------ DATA SUPPLIED ------

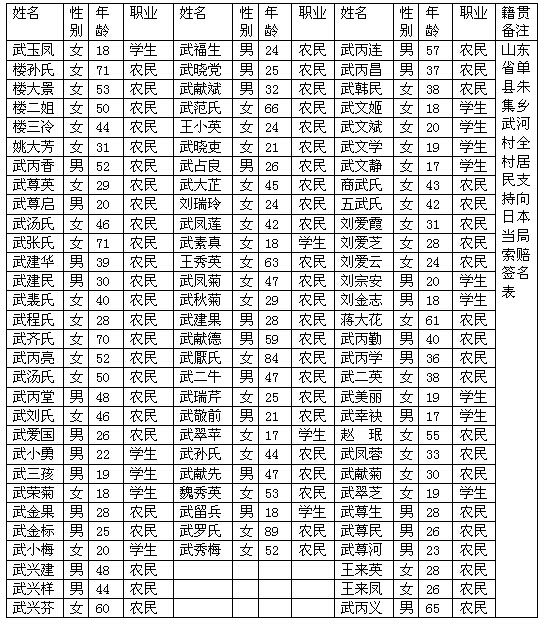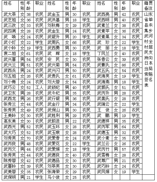 21 10 月, 2018 s0872 Share EmailTwitterFacebookGoogle +PinterestTumblrLinkedinVkontakte English 信扫描序列号:s0872 写信日期:1993-04-30 写信地址:山东省菏泽市单县 受害日期:信中未提 受害地址:山东省菏泽市单县 写信人:多人 受害人:多人 类别:其它(OT) 细节:寄来两份“抗日战争时期日军毁坏中国和平居民财产统计表”的受害人签名。 抗日战争期间日军毁坏中国和平居民生命财产统计与中国人民支持索赔签名表 抗日战争期间日军毁坏中国和平居民生命财产统计与中国人民支持索赔签名表 21 10 月, 2018 10000cfj_3o5som 其它(OT)
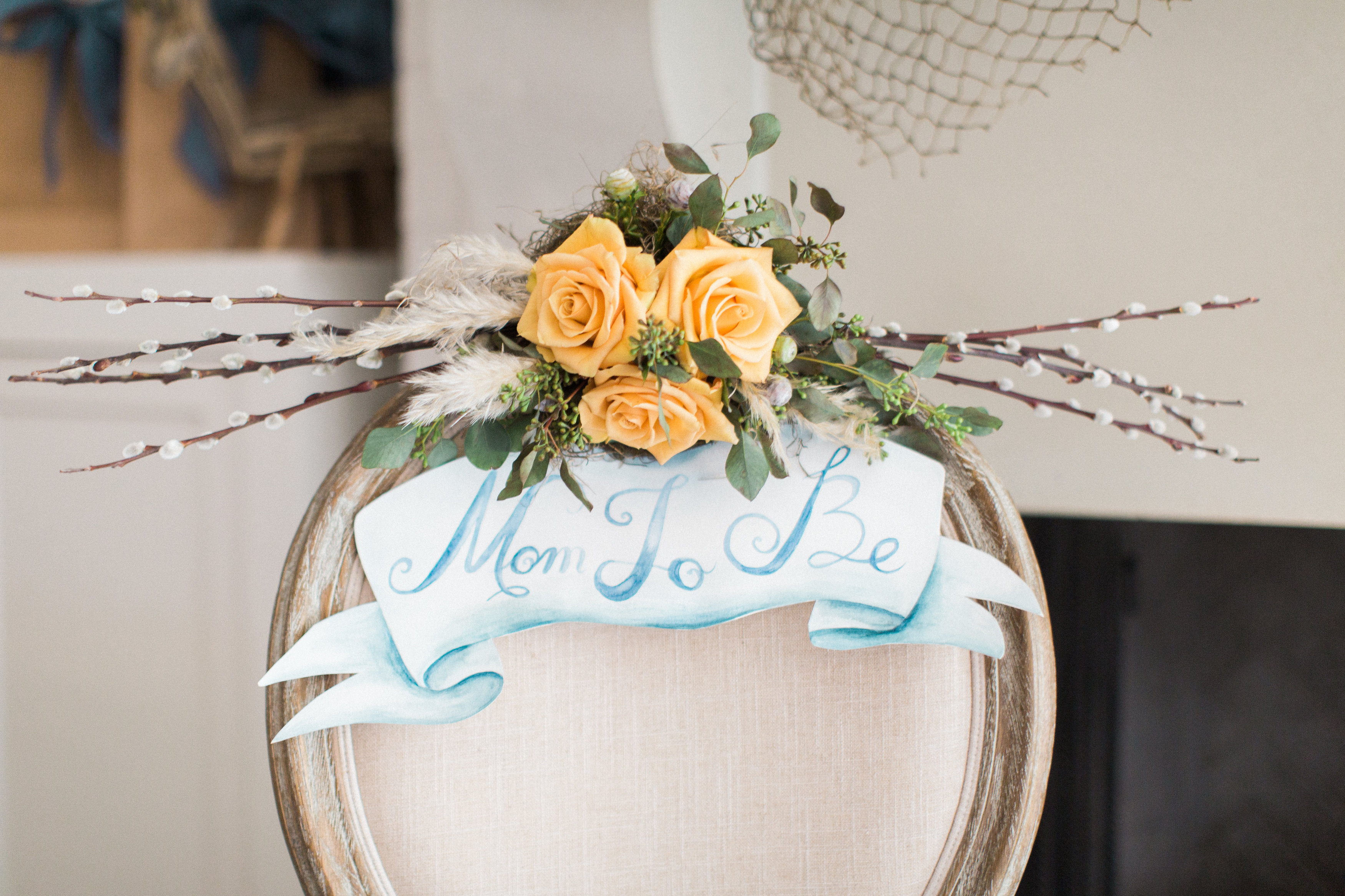 A light blue banner with charming cursive created a special seat for a new mom at her baby shower. Photo by Carolynn Seibert.
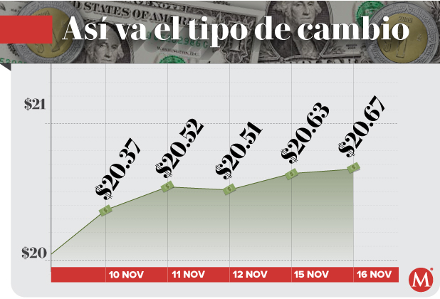 El Banco de México (Banxico) registró, en la sesión del viernes, un tipo de cambio de 20.50 pesos por dólar.
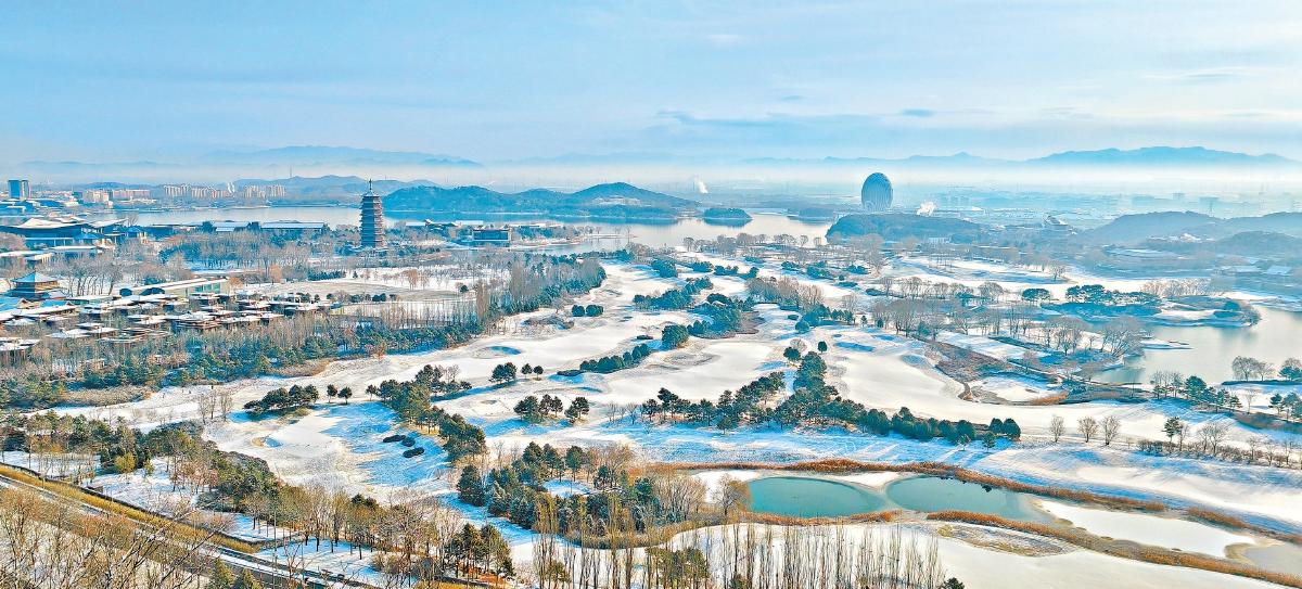雁棲湖國際會都披雪而立,清雅風(fēng)貌宛若蘊(yùn)含中式韻味的山水畫。 朱紅衛(wèi)攝
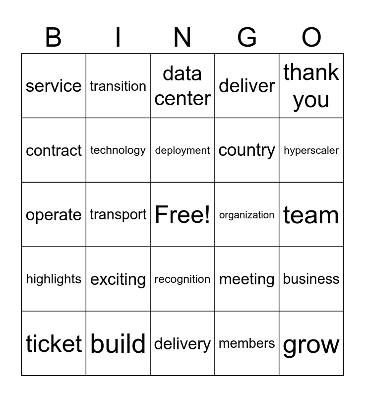 This bingo card has a free space and 31 words: delivery, server, transport, break/fix, service, data center, technology, meeting, organization, members, team, grow, growth, ways of working, hyperscaler, new, business, exciting, highlights, recognition, thank you, speak up, ticket, transition, country, contract, deliver, operate, build, deployment and engineering.
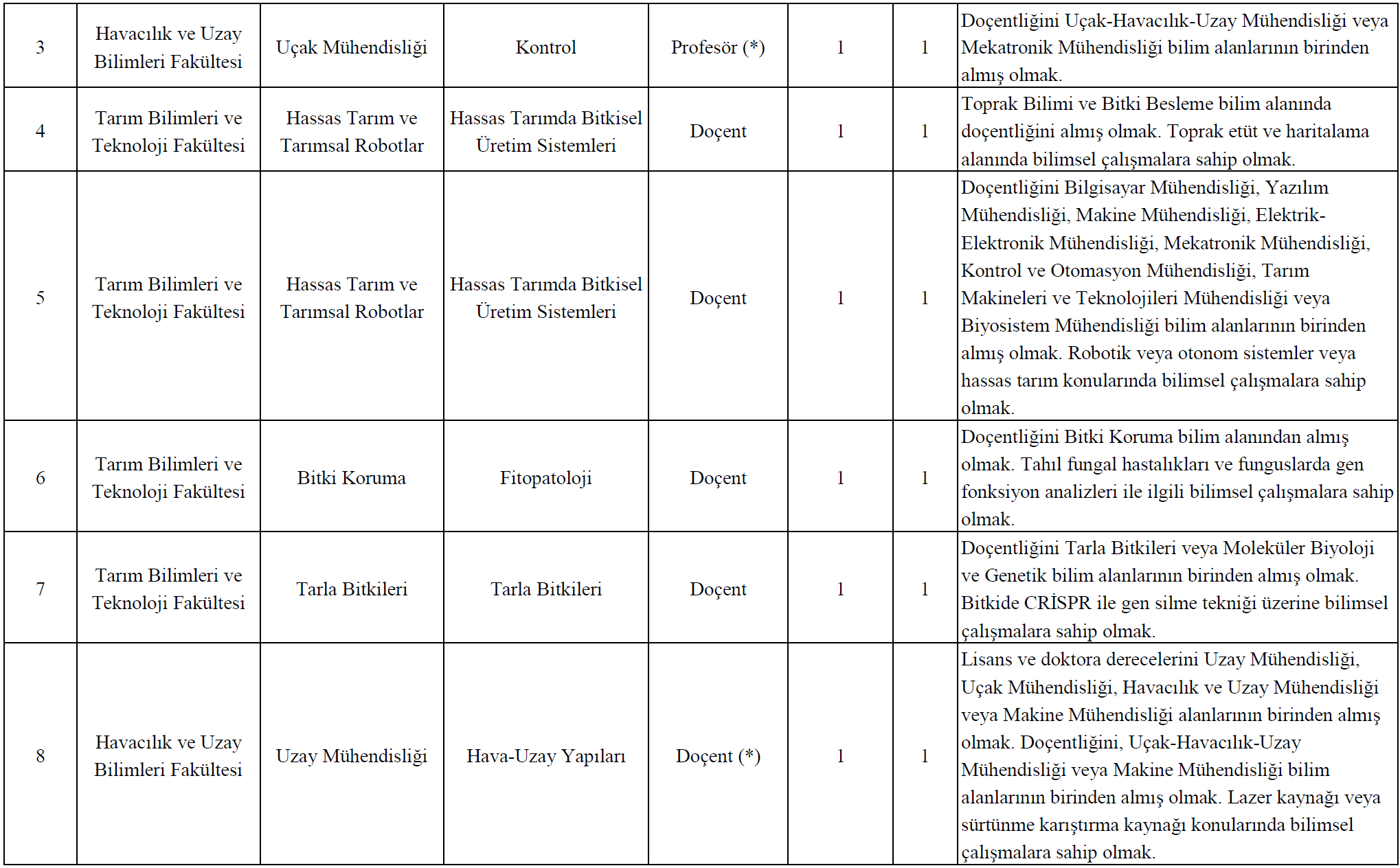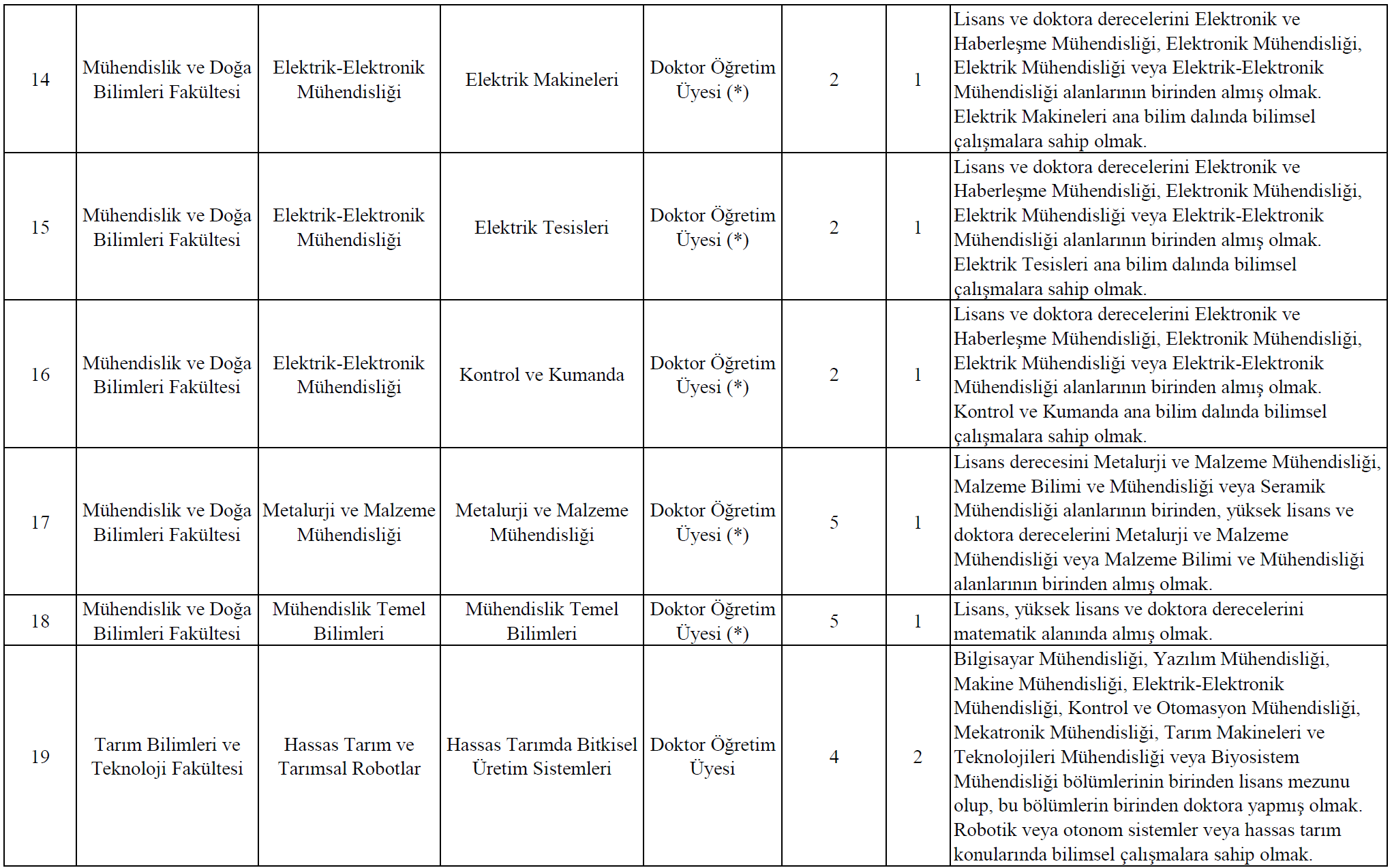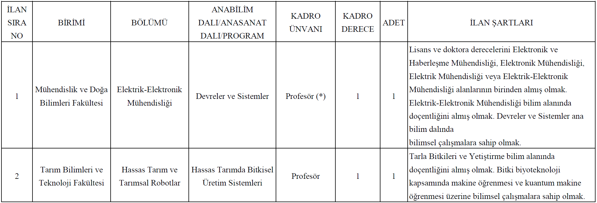 1- Üniversitemiz akademik birimlerine, 2547 sayılı Kanun ve 12/06/2018 tarihli Resmi Gazete'de yayımlanan Öğretim Üyeliğine Yükseltilme ve Atanma Yönetmeliği'nin ilgili maddeleri ile Üniversitemizin Öğretim Üyeliğine Yükseltilme ve Atanma Yönergesi esasları uyarınca, 657 Sayılı Devlet Memurları Kanunu'nun 48. Maddesinde belirtilen şartları sağlamış olmak koşuluyla, aşağıda bölüm ve anabilim dalı itibariyle unvanları belirtilen öğretim üyeleri alınacaktır.
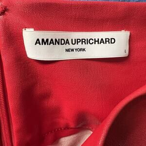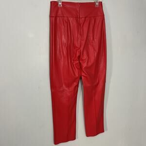 The Amanda Uprichard Red Faux Leather Romana Women's High Waisted Pants in size Large are a bold and stylish addition to any wardrobe. Made from faux leather with a solid red color, these cropped pants feature a high rise and flat front design.
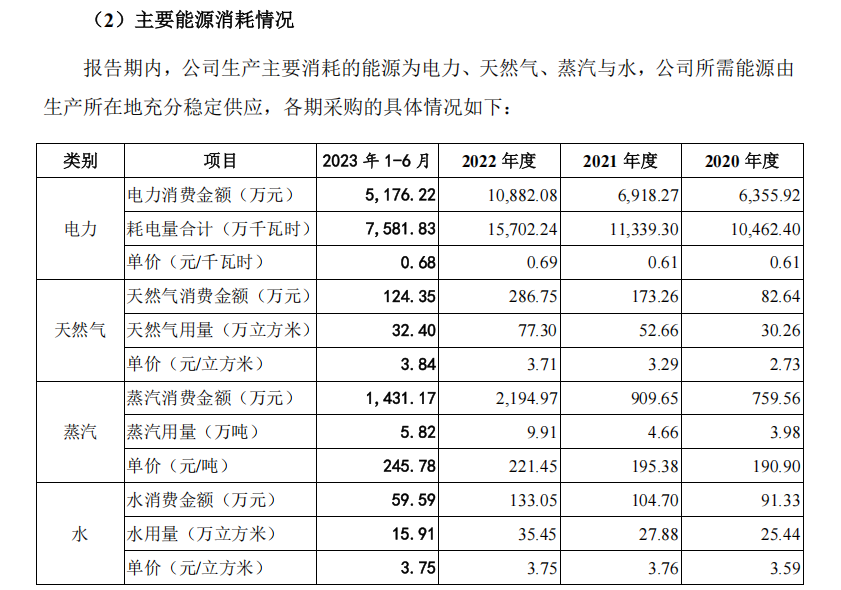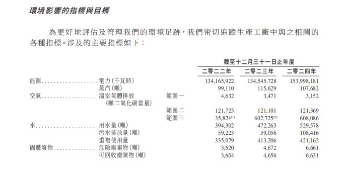 能耗方面,2022年用电量在A股招股书中为1.57亿千瓦时,用水量披露35.45万吨;港股版则为1.34亿千瓦时和39.43万吨,相差17.2%及11.2%。

------

**YOUR INSTRUCTIONS**
Output exactly the lines from the one containing "1- Üniversitemiz akademik" through the last line of the records above, both included, and leave out the pictures.

**EXPECTED ANSWER**
 1- Üniversitemiz akademik birimlerine, 2547 sayılı Kanun ve 12/06/2018 tarihli Resmi Gazete'de yayımlanan Öğretim Üyeliğine Yükseltilme ve Atanma Yönetmeliği'nin ilgili maddeleri ile Üniversitemizin Öğretim Üyeliğine Yükseltilme ve Atanma Yönergesi esasları uyarınca, 657 Sayılı Devlet Memurları Kanunu'nun 48. Maddesinde belirtilen şartları sağlamış olmak koşuluyla, aşağıda bölüm ve anabilim dalı itibariyle unvanları belirtilen öğretim üyeleri alınacaktır.
 The Amanda Uprichard Red Faux Leather Romana Women's High Waisted Pants in size Large are a bold and stylish addition to any wardrobe. Made from faux leather with a solid red color, these cropped pants feature a high rise and flat front design.
 能耗方面,2022年用电量在A股招股书中为1.57亿千瓦时,用水量披露35.45万吨;港股版则为1.34亿千瓦时和39.43万吨,相差17.2%及11.2%。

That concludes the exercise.